TO DO — Your copy should hold only the lines from the one containing "- Für stilbewusste" through the final line of the entries, exactly as written, with no pictures.

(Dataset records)
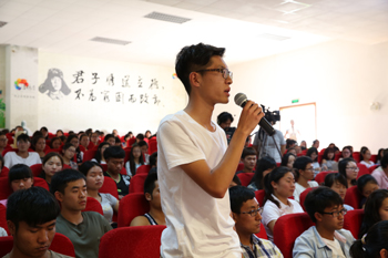 “您遭遇过挫折和苦难吗?您又是怎样面对的?面对人生路上的风风雨雨,您还会一直以微笑前行吗?与会观众闭目静省,扪心自问。在主持人董芸的三问后,讲堂进入学模范环节。与会人员静心观看了《迎着生命的阳光——记beat365官方网站2012级园艺2班学生袁诗端》自立自强、心怀感恩、阳光生活的事迹短片。短片讲述了一个来自农村贫穷家庭的学生,自幼父亲早逝、母亲离家出走,年幼时相依为命的奶奶也离他而去,面对亲人的相继而去,他依然笑对人生,多处打工、努力学习,在拼搏中不断收获,在收获中学会感恩的一个个感人故事。诠释了当代青年用自强不息改写命运,用艰苦奋斗给力人生的青春之歌。观看短片后,袁诗端的同班同学杨云龙宣讲了《莫让青春辜负了年华》,为我们讲述他眼中自强不息、努力进取的袁诗端;讲堂志愿者胡林娅同学宣讲的《真心才会拥有,感恩才会长久》,通过讲述袁诗端主动为舍友洗鞋子等一个个不经意的善举,诠释了他与人为善,助人为乐、温和谦逊的为人之道;辅导员杨伟老师宣讲的《活着,就要奔跑——有感于我的学生袁诗端》,阐述了一个面对困难,乐观向上,坚强勇敢,志存高远,为着远大的理想和目标一直微笑着向前奔跑的男孩。一个个真实而感人的事故,让师生为之动容。
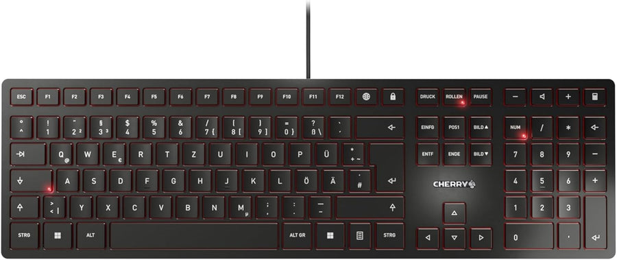 - Für stilbewusste Anwender: Puristisches Trend-Design mit rot hinterlegten Tasten* macht die Kabeltastatur zum Eyecatcher auf jedem Schreibtisch (* Tastatur ist nicht hintergrundbeleuchtet)
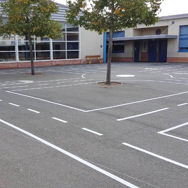 Le marquage spécifique passe aussi par les jeux écoles et terrains multisports. Ce marquage décoratif est un terrain de jeu de plein air qui stimule l’éveil et l’apprentissage des enfants par l’amusement. C’est donc un bon moyen d’assurer la pédagogie et l’éducation au travers de thématiques diverses tels que les circuits et routes, sports, chiffres et lettres, marelle, etc. Tout cela dans le respect de la croissance des jeunes.
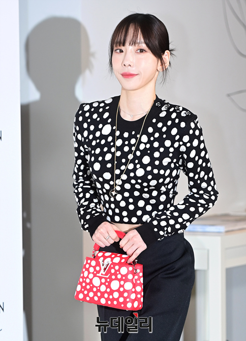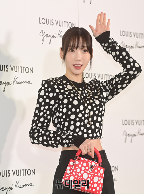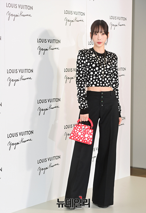가수 태연이 6일 오후 서울 강남구 루이비통 메종 서울에서 열린 야요이 쿠사마 협업 컬렉션 런칭 기념행사에서 포즈를 취하고 있다.
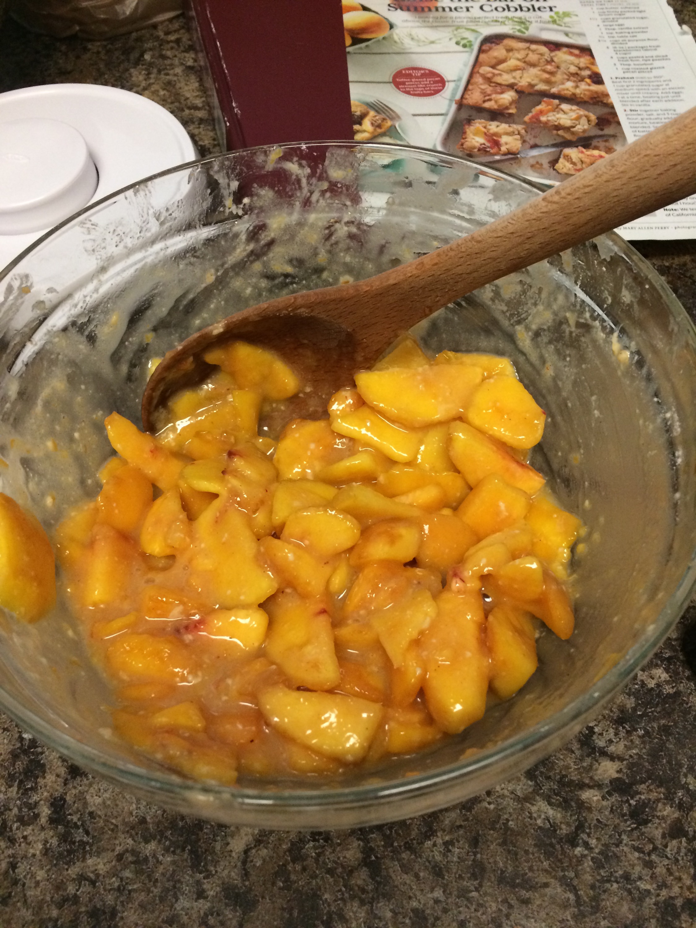 Once the pecans are done, stir them into the remaining batter. Then spread the batter on top of the cobbler. Again, it will be a bit difficult, so don’t worry about making it perfect. Clearly, mine isn’t!

SOLUTION —
 - Für stilbewusste Anwender: Puristisches Trend-Design mit rot hinterlegten Tasten* macht die Kabeltastatur zum Eyecatcher auf jedem Schreibtisch (* Tastatur ist nicht hintergrundbeleuchtet)
 Le marquage spécifique passe aussi par les jeux écoles et terrains multisports. Ce marquage décoratif est un terrain de jeu de plein air qui stimule l’éveil et l’apprentissage des enfants par l’amusement. C’est donc un bon moyen d’assurer la pédagogie et l’éducation au travers de thématiques diverses tels que les circuits et routes, sports, chiffres et lettres, marelle, etc. Tout cela dans le respect de la croissance des jeunes.
가수 태연이 6일 오후 서울 강남구 루이비통 메종 서울에서 열린 야요이 쿠사마 협업 컬렉션 런칭 기념행사에서 포즈를 취하고 있다.
 Once the pecans are done, stir them into the remaining batter. Then spread the batter on top of the cobbler. Again, it will be a bit difficult, so don’t worry about making it perfect. Clearly, mine isn’t!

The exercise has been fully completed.